What you will do - First find the line with "A17 over de" in the entries below, then set down exactly every line through the line with "Wij denken dat", that line included.

Data records -
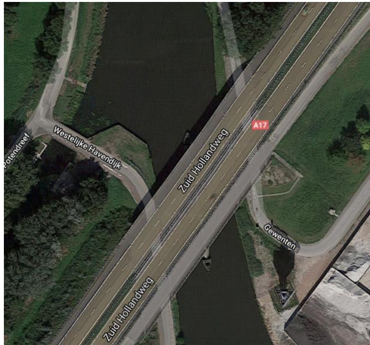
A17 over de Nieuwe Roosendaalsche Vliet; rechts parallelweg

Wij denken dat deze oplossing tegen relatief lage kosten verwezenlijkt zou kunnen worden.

...

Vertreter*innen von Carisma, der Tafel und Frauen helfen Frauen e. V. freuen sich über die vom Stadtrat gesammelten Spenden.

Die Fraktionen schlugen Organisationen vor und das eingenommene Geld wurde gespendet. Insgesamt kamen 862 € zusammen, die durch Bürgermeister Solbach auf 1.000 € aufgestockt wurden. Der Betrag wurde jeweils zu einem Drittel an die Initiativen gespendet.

...

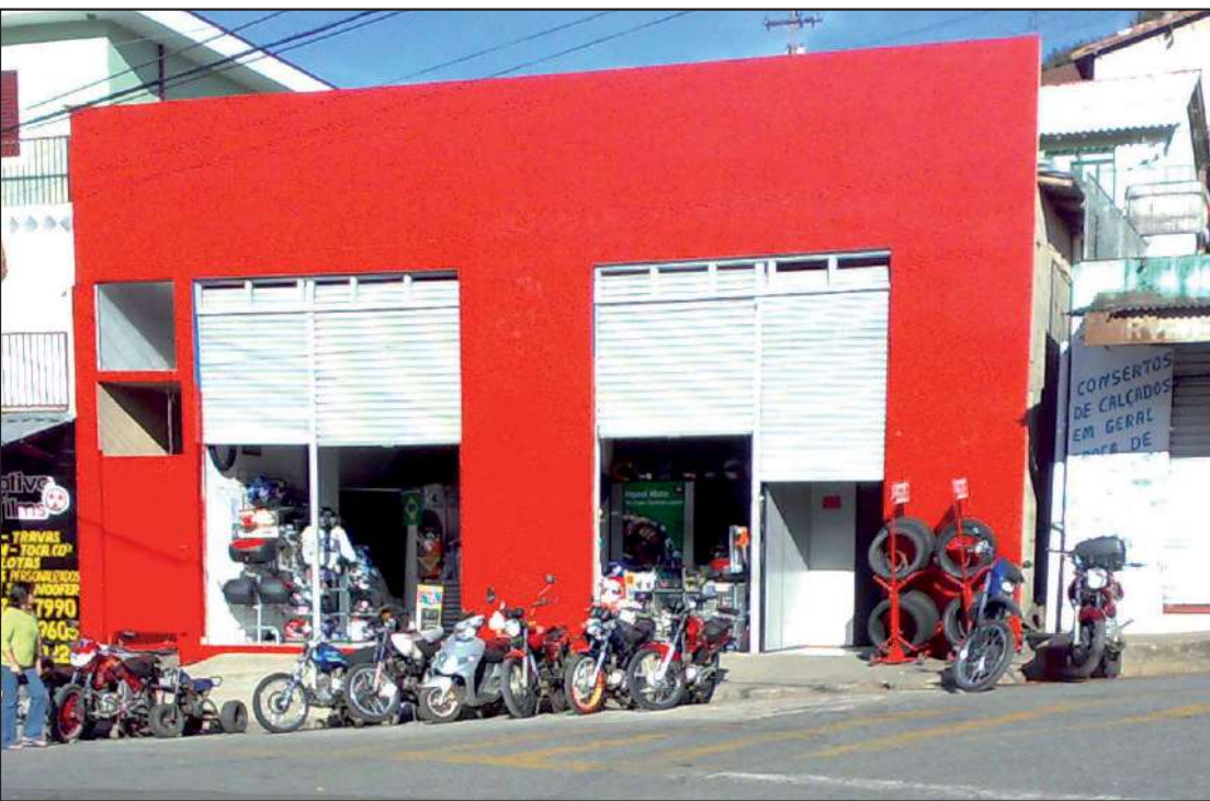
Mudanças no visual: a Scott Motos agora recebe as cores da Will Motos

Answer -
A17 over de Nieuwe Roosendaalsche Vliet; rechts parallelweg

Wij denken dat deze oplossing tegen relatief lage kosten verwezenlijkt zou kunnen worden.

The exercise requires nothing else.